Availity is a healthcare technology company that delivers revenue cycle and related business solutions for healthcare professionals. As a Platform Engineer IV, you will lead observability practices and ensure the health and stability of critical infrastructure systems that support U.S. healthcare services.
Responsibilities:
- Own and evolve our observability practices at enterprise scale
- Lead the tooling and support for observability and logging services (New Relic, Splunk, Cribl, OpenTelemetry) with reliability as your north star
- Oversee the delivery of automated deployment solutions for observability tools and governance that ensures observability coverage for mission-critical internal platforms in our AWS private cloud
- Guide and mentor engineers while setting the bar for operational excellence
- Provide technical leadership for the infrastructure engineering and operations team focused on observability services
- Owning and advancing the observability practices implemented across all enterprise technology groups
- Managing observability and logging platforms including:
- Splunk (EKS + on-prem components, forwarders, deployment server)
- Cribl operational pipelines (EKS-based)

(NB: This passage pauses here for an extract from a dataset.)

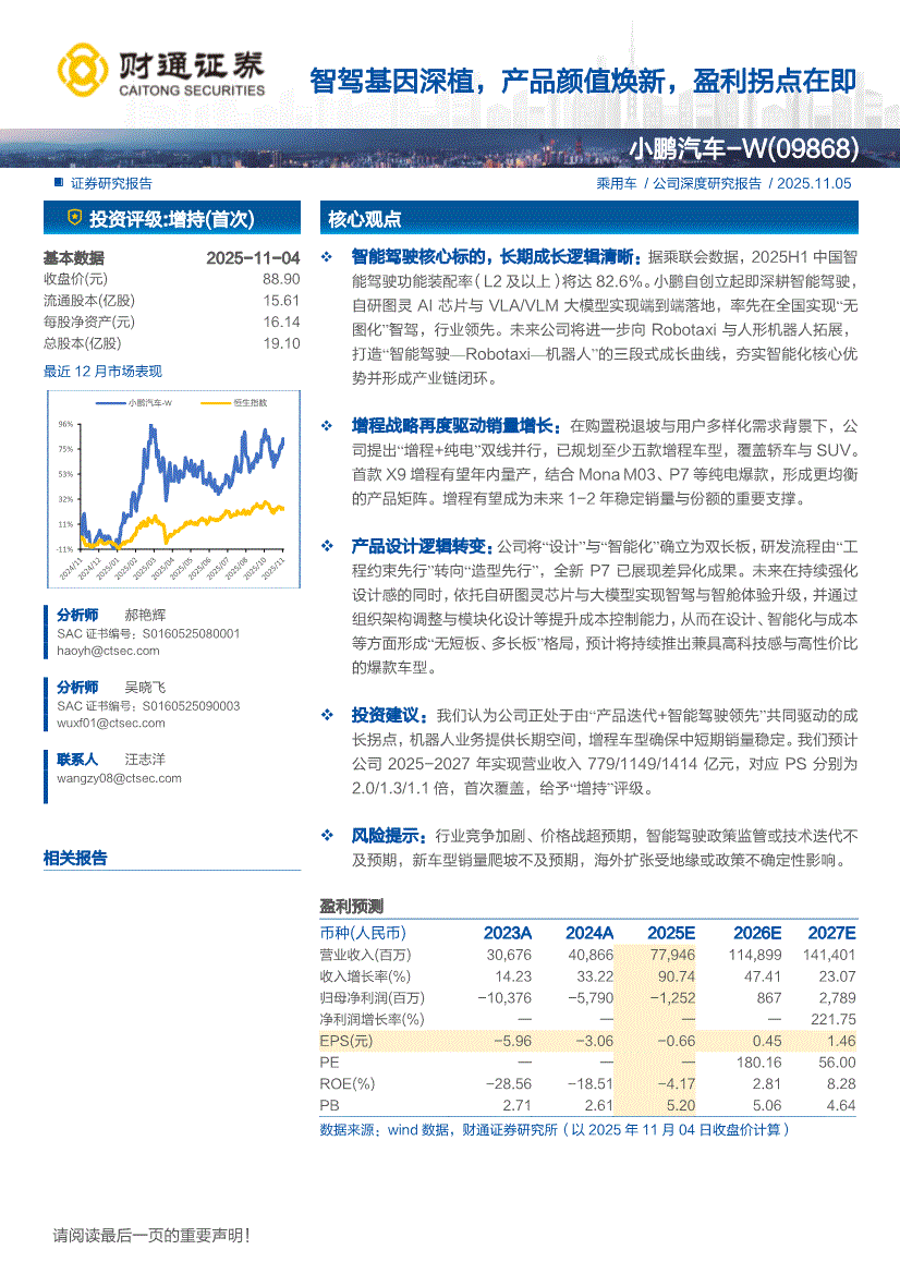 小鹏汽车~W:财通证券-小鹏汽车~W-9868.HK-智驾基因深植,产品颜值焕新,盈利拐点在即-251105

- New Relic SaaS integrations and Prometheus data ingestion
- OpenTelemetry & KubeLogging/Banzai Operator for distributed tracing and logging pipelines
- Prometheus/Grafana migrations from on-prem OCP to AWS for metrics scraping and synthetic monitoring
- Overseeing observability deployment solutions for platforms hosted in AWS
- Driving infrastructure-as-code practices (Terraform, Helm, Ansible) for repeatable deployments and environment consistency
- Collaborating with engineering, middleware, and product teams to define clear ownership, reduce friction, and ensure platform services enable—not block—delivery
- Ensuring upgrades, patching, and platform updates are proactively planned and executed without business disruption
- Setting reliability targets and defining operational metrics (availability, latency, error budgets) in line with SRE methodologies
Requirements:
- Bachelor's degree in computer science or related field, or equivalent work experience
- 7-10 years of relevant technical and business experience in IT systems delivery, operations, and support (preferably in healthcare or high-transaction environments)
- 3+ years of experience leading technical engineering efforts involving implementation and management of IT systems
- Hands-on expertise with leading observability practices and architecture across enterprise and at scale
- Managing observability platforms and monitoring tools: Splunk, Cribl, Prometheus/Grafana, OpenTelemetry, New Relic
- Terraform, Helm, and AWS services (VPC, IAM, EC2, EKS, Istio)
- Experience bridging infrastructure and development teams, ensuring alignment of roadmaps and goals
- Strong leadership skills with the ability to motivate and guide technical teams
- Excellent communication skills, with the ability to explain complex technical concepts to both technical and non-technical stakeholders
- SaaS experience supporting large-scale, mission-critical systems
- Familiarity with IaC application deployment pipelines for packaged software (commercial and open source) and re-platforming to cloud-native environments
- Knowledge of service mesh concepts (Istio, Linkerd, etc.)
- Background in metrics-driven reliability engineering (SLOs, SLIs, error budgets)
- Experience with scripting/programming (JavaScript for Cribl, Python, etc.)